- [Work task] Across the whole listing, return each line exactly, with no images included.

- [The data]
____

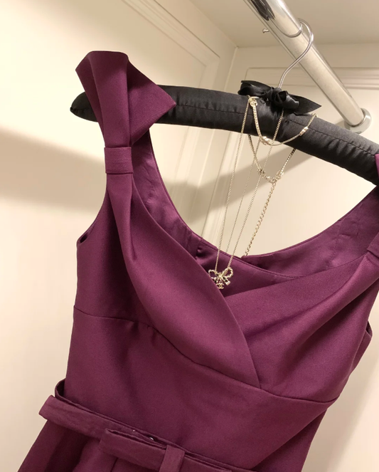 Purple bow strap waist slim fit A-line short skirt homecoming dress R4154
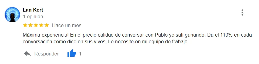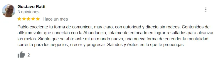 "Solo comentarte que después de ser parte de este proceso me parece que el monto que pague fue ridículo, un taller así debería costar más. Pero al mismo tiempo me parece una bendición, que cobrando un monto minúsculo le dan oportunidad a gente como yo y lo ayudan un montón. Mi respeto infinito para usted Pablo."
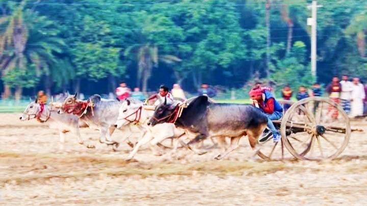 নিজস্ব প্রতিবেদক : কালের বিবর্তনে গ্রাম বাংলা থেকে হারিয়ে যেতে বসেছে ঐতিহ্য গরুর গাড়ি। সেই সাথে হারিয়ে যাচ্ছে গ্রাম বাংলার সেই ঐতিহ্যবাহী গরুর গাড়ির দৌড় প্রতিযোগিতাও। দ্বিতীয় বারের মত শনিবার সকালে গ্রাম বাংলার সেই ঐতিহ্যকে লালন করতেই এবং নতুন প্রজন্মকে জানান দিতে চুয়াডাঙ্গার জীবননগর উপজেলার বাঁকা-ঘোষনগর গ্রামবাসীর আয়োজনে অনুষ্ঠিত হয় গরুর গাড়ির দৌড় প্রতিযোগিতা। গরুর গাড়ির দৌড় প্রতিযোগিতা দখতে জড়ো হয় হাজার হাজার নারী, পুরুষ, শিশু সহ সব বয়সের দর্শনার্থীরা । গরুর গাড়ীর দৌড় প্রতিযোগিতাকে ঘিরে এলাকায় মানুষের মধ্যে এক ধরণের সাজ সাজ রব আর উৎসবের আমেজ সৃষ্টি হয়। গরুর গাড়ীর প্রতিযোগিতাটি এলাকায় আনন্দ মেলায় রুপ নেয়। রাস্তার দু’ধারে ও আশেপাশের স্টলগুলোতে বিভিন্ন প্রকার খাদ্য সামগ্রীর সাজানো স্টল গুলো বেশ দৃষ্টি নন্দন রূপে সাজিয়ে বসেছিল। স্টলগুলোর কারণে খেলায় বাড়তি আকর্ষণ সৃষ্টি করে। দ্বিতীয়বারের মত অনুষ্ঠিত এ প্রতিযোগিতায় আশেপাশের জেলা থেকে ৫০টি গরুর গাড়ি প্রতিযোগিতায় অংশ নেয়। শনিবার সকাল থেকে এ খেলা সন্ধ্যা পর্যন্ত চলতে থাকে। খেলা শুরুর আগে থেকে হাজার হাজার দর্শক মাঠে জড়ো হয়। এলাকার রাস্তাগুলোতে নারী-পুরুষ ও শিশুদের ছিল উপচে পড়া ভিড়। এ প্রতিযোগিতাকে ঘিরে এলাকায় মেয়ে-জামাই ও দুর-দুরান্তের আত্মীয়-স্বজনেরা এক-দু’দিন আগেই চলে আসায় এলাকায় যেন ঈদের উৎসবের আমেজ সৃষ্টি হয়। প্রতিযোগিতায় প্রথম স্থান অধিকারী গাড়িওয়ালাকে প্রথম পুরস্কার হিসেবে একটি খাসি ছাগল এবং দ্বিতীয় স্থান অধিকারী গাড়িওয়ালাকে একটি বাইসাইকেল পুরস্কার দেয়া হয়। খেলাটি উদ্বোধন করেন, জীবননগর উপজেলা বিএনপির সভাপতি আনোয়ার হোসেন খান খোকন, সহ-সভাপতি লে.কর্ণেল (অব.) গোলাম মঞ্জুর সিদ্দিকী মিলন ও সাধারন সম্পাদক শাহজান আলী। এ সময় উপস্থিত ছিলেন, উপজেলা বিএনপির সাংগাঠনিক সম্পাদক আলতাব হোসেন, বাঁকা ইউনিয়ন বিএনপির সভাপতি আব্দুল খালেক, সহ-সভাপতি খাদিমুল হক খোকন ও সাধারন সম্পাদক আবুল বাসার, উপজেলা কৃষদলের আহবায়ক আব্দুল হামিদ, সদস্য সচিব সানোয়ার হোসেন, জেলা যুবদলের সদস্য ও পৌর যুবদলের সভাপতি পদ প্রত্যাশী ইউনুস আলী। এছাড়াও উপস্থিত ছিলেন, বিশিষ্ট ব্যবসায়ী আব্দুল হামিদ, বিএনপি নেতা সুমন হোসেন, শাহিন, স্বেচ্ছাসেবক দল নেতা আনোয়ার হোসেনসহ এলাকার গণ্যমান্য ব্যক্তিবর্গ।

____

- [Exercise response]
 Purple bow strap waist slim fit A-line short skirt homecoming dress R4154
 "Solo comentarte que después de ser parte de este proceso me parece que el monto que pague fue ridículo, un taller así debería costar más. Pero al mismo tiempo me parece una bendición, que cobrando un monto minúsculo le dan oportunidad a gente como yo y lo ayudan un montón. Mi respeto infinito para usted Pablo."
 নিজস্ব প্রতিবেদক : কালের বিবর্তনে গ্রাম বাংলা থেকে হারিয়ে যেতে বসেছে ঐতিহ্য গরুর গাড়ি। সেই সাথে হারিয়ে যাচ্ছে গ্রাম বাংলার সেই ঐতিহ্যবাহী গরুর গাড়ির দৌড় প্রতিযোগিতাও। দ্বিতীয় বারের মত শনিবার সকালে গ্রাম বাংলার সেই ঐতিহ্যকে লালন করতেই এবং নতুন প্রজন্মকে জানান দিতে চুয়াডাঙ্গার জীবননগর উপজেলার বাঁকা-ঘোষনগর গ্রামবাসীর আয়োজনে অনুষ্ঠিত হয় গরুর গাড়ির দৌড় প্রতিযোগিতা। গরুর গাড়ির দৌড় প্রতিযোগিতা দখতে জড়ো হয় হাজার হাজার নারী, পুরুষ, শিশু সহ সব বয়সের দর্শনার্থীরা । গরুর গাড়ীর দৌড় প্রতিযোগিতাকে ঘিরে এলাকায় মানুষের মধ্যে এক ধরণের সাজ সাজ রব আর উৎসবের আমেজ সৃষ্টি হয়। গরুর গাড়ীর প্রতিযোগিতাটি এলাকায় আনন্দ মেলায় রুপ নেয়। রাস্তার দু’ধারে ও আশেপাশের স্টলগুলোতে বিভিন্ন প্রকার খাদ্য সামগ্রীর সাজানো স্টল গুলো বেশ দৃষ্টি নন্দন রূপে সাজিয়ে বসেছিল। স্টলগুলোর কারণে খেলায় বাড়তি আকর্ষণ সৃষ্টি করে। দ্বিতীয়বারের মত অনুষ্ঠিত এ প্রতিযোগিতায় আশেপাশের জেলা থেকে ৫০টি গরুর গাড়ি প্রতিযোগিতায় অংশ নেয়। শনিবার সকাল থেকে এ খেলা সন্ধ্যা পর্যন্ত চলতে থাকে। খেলা শুরুর আগে থেকে হাজার হাজার দর্শক মাঠে জড়ো হয়। এলাকার রাস্তাগুলোতে নারী-পুরুষ ও শিশুদের ছিল উপচে পড়া ভিড়। এ প্রতিযোগিতাকে ঘিরে এলাকায় মেয়ে-জামাই ও দুর-দুরান্তের আত্মীয়-স্বজনেরা এক-দু’দিন আগেই চলে আসায় এলাকায় যেন ঈদের উৎসবের আমেজ সৃষ্টি হয়। প্রতিযোগিতায় প্রথম স্থান অধিকারী গাড়িওয়ালাকে প্রথম পুরস্কার হিসেবে একটি খাসি ছাগল এবং দ্বিতীয় স্থান অধিকারী গাড়িওয়ালাকে একটি বাইসাইকেল পুরস্কার দেয়া হয়। খেলাটি উদ্বোধন করেন, জীবননগর উপজেলা বিএনপির সভাপতি আনোয়ার হোসেন খান খোকন, সহ-সভাপতি লে.কর্ণেল (অব.) গোলাম মঞ্জুর সিদ্দিকী মিলন ও সাধারন সম্পাদক শাহজান আলী। এ সময় উপস্থিত ছিলেন, উপজেলা বিএনপির সাংগাঠনিক সম্পাদক আলতাব হোসেন, বাঁকা ইউনিয়ন বিএনপির সভাপতি আব্দুল খালেক, সহ-সভাপতি খাদিমুল হক খোকন ও সাধারন সম্পাদক আবুল বাসার, উপজেলা কৃষদলের আহবায়ক আব্দুল হামিদ, সদস্য সচিব সানোয়ার হোসেন, জেলা যুবদলের সদস্য ও পৌর যুবদলের সভাপতি পদ প্রত্যাশী ইউনুস আলী। এছাড়াও উপস্থিত ছিলেন, বিশিষ্ট ব্যবসায়ী আব্দুল হামিদ, বিএনপি নেতা সুমন হোসেন, শাহিন, স্বেচ্ছাসেবক দল নেতা আনোয়ার হোসেনসহ এলাকার গণ্যমান্য ব্যক্তিবর্গ।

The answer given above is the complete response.